Ritchie, Hannah. “Suicide Rates Are Higher in Men than Women.” Our World in Data, ourworldindata.org/data-insights/suicide-rates-are-higher-in-men-than-women. Accessed 4 July 2025.
Reflection
Looking back on this project, I’m really proud of what I was able to put together, but there were definitely a few things I wish I could have done better or included. One thing I wanted to show was a time series plot to explore how suicide rates changed over time for each country or age group, but I couldn’t get it to work properly with my data because there were too many missing values across different years.
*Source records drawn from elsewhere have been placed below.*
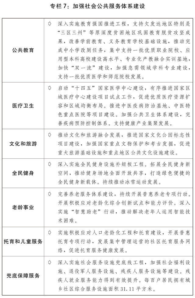 四是完善公共服務政策制度體系。分類推進基本公共服務均等化發(fā)展,推動服務重心向基層下沉,增加普惠性非基本公共服務供給。支持社會力量增加普惠性托育服務供給,進一步完善學前教育收費政策,推進普惠性學前教育資源擴容增效,推進兒童友好城市建設。推動義務教育優(yōu)質(zhì)均衡發(fā)展和城鄉(xiāng)一體化,提升農(nóng)村學校辦學能力,依據(jù)常住人口規(guī)模增加城鎮(zhèn)教育資源。繼續(xù)做好義務教育階段減負工作。加強縣域普通高中建設。改善職業(yè)教育辦學條件。推進高校“雙一流”建設,加快經(jīng)濟社會發(fā)展重點領域急需學科專業(yè)建設、人才培養(yǎng)和科技攻關,完善產(chǎn)教融合政策措施。支持中西部高等教育發(fā)展,高校招生繼續(xù)加大對中西部和農(nóng)村地區(qū)傾斜力度。加強教師隊伍建設,加大中西部地區(qū)教師培訓力度。辦好特殊教育、繼續(xù)教育,規(guī)范民辦教育發(fā)展。完善三孩生育政策配套措施,將3歲以下嬰幼兒照護費用納入個人所得稅專項附加扣除,推動生育支持政策落地見效。貫徹落實積極應對人口老齡化國家戰(zhàn)略,加強養(yǎng)老托育服務體系和健康支撐體系建設,維護好老年人合法權(quán)益。推動公立醫(yī)院高質(zhì)量發(fā)展,加快健全現(xiàn)代醫(yī)院管理制度,深入推進國家醫(yī)學中心、國家區(qū)域醫(yī)療中心建設項目和縣級醫(yī)院建設,加快完善分級診療體系,深化醫(yī)療服務價格、醫(yī)保支付管理和公立醫(yī)院薪酬制度改革。補齊婦幼兒科、精神衛(wèi)生、老年醫(yī)學等服務短板。持續(xù)深入開展愛國衛(wèi)生運動、推進實施健康中國行動,倡導文明健康綠色環(huán)保生活方式。實施現(xiàn)代化疾控體系建設、國家重大傳染病防治基地建設等工程,提升公共衛(wèi)生防控救治能力。加快中醫(yī)藥特色發(fā)展。推動中華優(yōu)秀傳統(tǒng)文化創(chuàng)造性轉(zhuǎn)化和創(chuàng)新性發(fā)展,促進出版、電影、廣播電視、文物等事業(yè)高質(zhì)量發(fā)展,推進公共文化數(shù)字化建設,提供更多公共文化產(chǎn)品。加強國家重大文化項目和國家文化公園建設,加強重要文化遺產(chǎn)和國家公園等重要自然遺產(chǎn)保護設施建設,全面提升革命文物保護利用水平,促進公共文化服務提質(zhì)升級。推進國民旅游休閑加快發(fā)展,不斷完善節(jié)假日制度。實施全民健身設施補短板工程,加強體育公園等全民健身場地設施建設。深化公共法律服務體系建設。
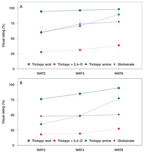 Mean visual ratings of Tahitian bridal veil (Gibasis pellucida) (A) and small-leaf spiderwort (Tradescantia fluminensis) (B) control following treatment with selected herbicides (triclopyr acid, triclopyr amine + 2,4-D amine, triclopyr amine, and glufosinate) at 2, 4, and 8 weeks after treatment (WAT). Means and standard error bars are shown and are pooled over two experimental runs.
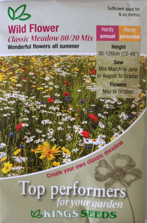 Kings Seeds Wild Flower Mix Classic Meadow 80/20 ( Contains Grass) 25g Seed
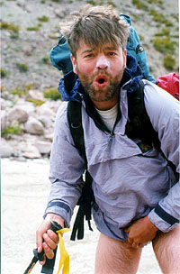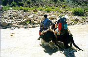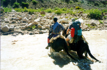 S: By the time I had forded the thigh {I had crossed in the wrong place} deep river with my rucksack, changed my blister patches, redressed and warmed up I had thought of at least 50 untimely ends for the muleteers. We met the muleteers later returning from base camp-I managed to resist plunging my ski pole into his heart, but couldn't resist telling him that we would have paid him after the second river crossing. I hope this isn't going to hamper us getting a mule back down.
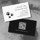 Pet Sitter code cartão de visita, com uma pata preta imprime design e elegante tipografia preta. Com texto personalizável, você pode adicionar suas próprias informações. A parte traseira tem uma cor preta e um código QR onde você adiciona seu site. Excelente para adicionar um toque bonito no seu negócio de serviços para animais domésticos.

When I got to the linear regression section of my project, I found it pretty confusing at first. I wasn’t sure how to set up the model properly with categorical variables like sex and age group, or how to interpret things like the coefficients and p-values. I ended up spending a lot of time researching online and trying different combinations of variables, but I still couldn’t figure everything out on my own.Even after finishing the linear regression part of my project, I still don’t feel completely confident on how it turned out. Another issue I had when making this was the inclusion of caption for my plotly, I tried adding it to my labs multiple times but even though the code runs it never shows up on the actual plot.